§ Problem requirements
Exact reproduction of the data is required, with images excluded.

Dataset excerpts
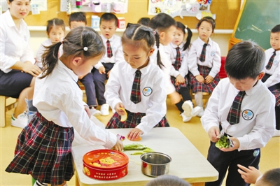 德培幼儿园的孩子们在上垃圾分类课。 |
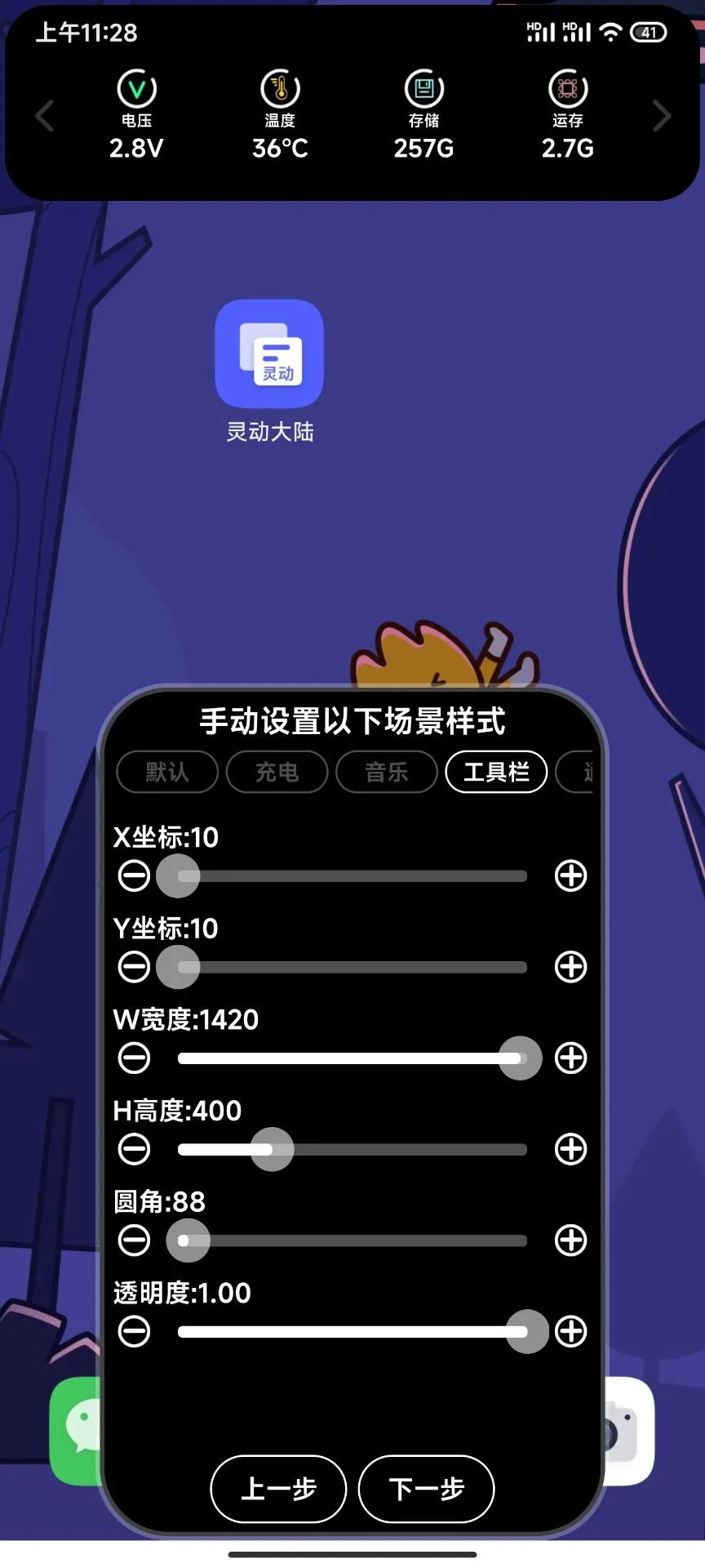 另外「灵动大陆」还加入了一些颇具特色的功能,用户能够手动呼出弹窗,并进行查看手机运行参数、快捷调出支付宝/微信扫码等操作。
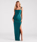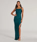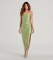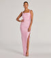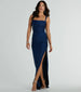 Make them all do a double-take as you make a glam entrance in the gorgeous Aliza formal dress! She features a sleeveless square neckline. thin tank shoulder straps. an alluring backless design with lower tie-back straps in a chic bow accent. ruching down the side seams. a floor-length hem with a thigh-high side slit to showcase some leg. and a slim-fit silhouette to highlight your figure. The smooth knit fabric offers plenty of stretch. Complete your Prom look with sparkling rhinestone-embellished heels.
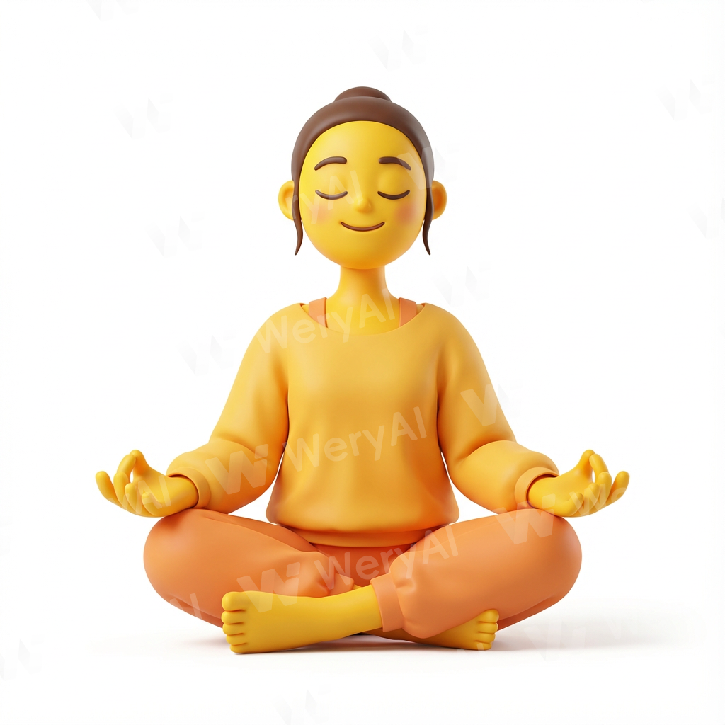 Based on the visual style of the reference image, generate for me a young woman sitting on the ground and meditating. The male character has yellow skin, and the clothing is primarily a combination of yellow (#F49C50). Pure white background.
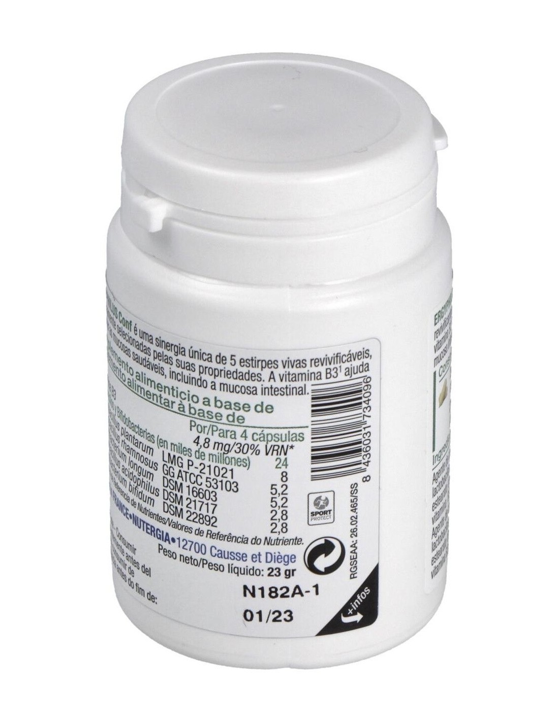 4 cápsulas contienen 24.000 miles de millones de gérmenes revivificantes protegidos por una matriz polisacarídica.
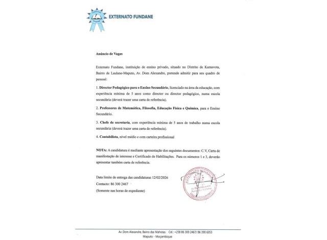 Externato Fundane, instituição de ensino privado, situado no Distrito de Kamavota, Bairro de Laulane-Maputo, Av. Dom Alexandre, pretende admitir para seu quadro de pessoal:

§ Answer section
 德培幼儿园的孩子们在上垃圾分类课。 |
 另外「灵动大陆」还加入了一些颇具特色的功能,用户能够手动呼出弹窗,并进行查看手机运行参数、快捷调出支付宝/微信扫码等操作。
 Make them all do a double-take as you make a glam entrance in the gorgeous Aliza formal dress! She features a sleeveless square neckline. thin tank shoulder straps. an alluring backless design with lower tie-back straps in a chic bow accent. ruching down the side seams. a floor-length hem with a thigh-high side slit to showcase some leg. and a slim-fit silhouette to highlight your figure. The smooth knit fabric offers plenty of stretch. Complete your Prom look with sparkling rhinestone-embellished heels.
 Based on the visual style of the reference image, generate for me a young woman sitting on the ground and meditating. The male character has yellow skin, and the clothing is primarily a combination of yellow (#F49C50). Pure white background.
 4 cápsulas contienen 24.000 miles de millones de gérmenes revivificantes protegidos por una matriz polisacarídica.
 Externato Fundane, instituição de ensino privado, situado no Distrito de Kamavota, Bairro de Laulane-Maputo, Av. Dom Alexandre, pretende admitir para seu quadro de pessoal:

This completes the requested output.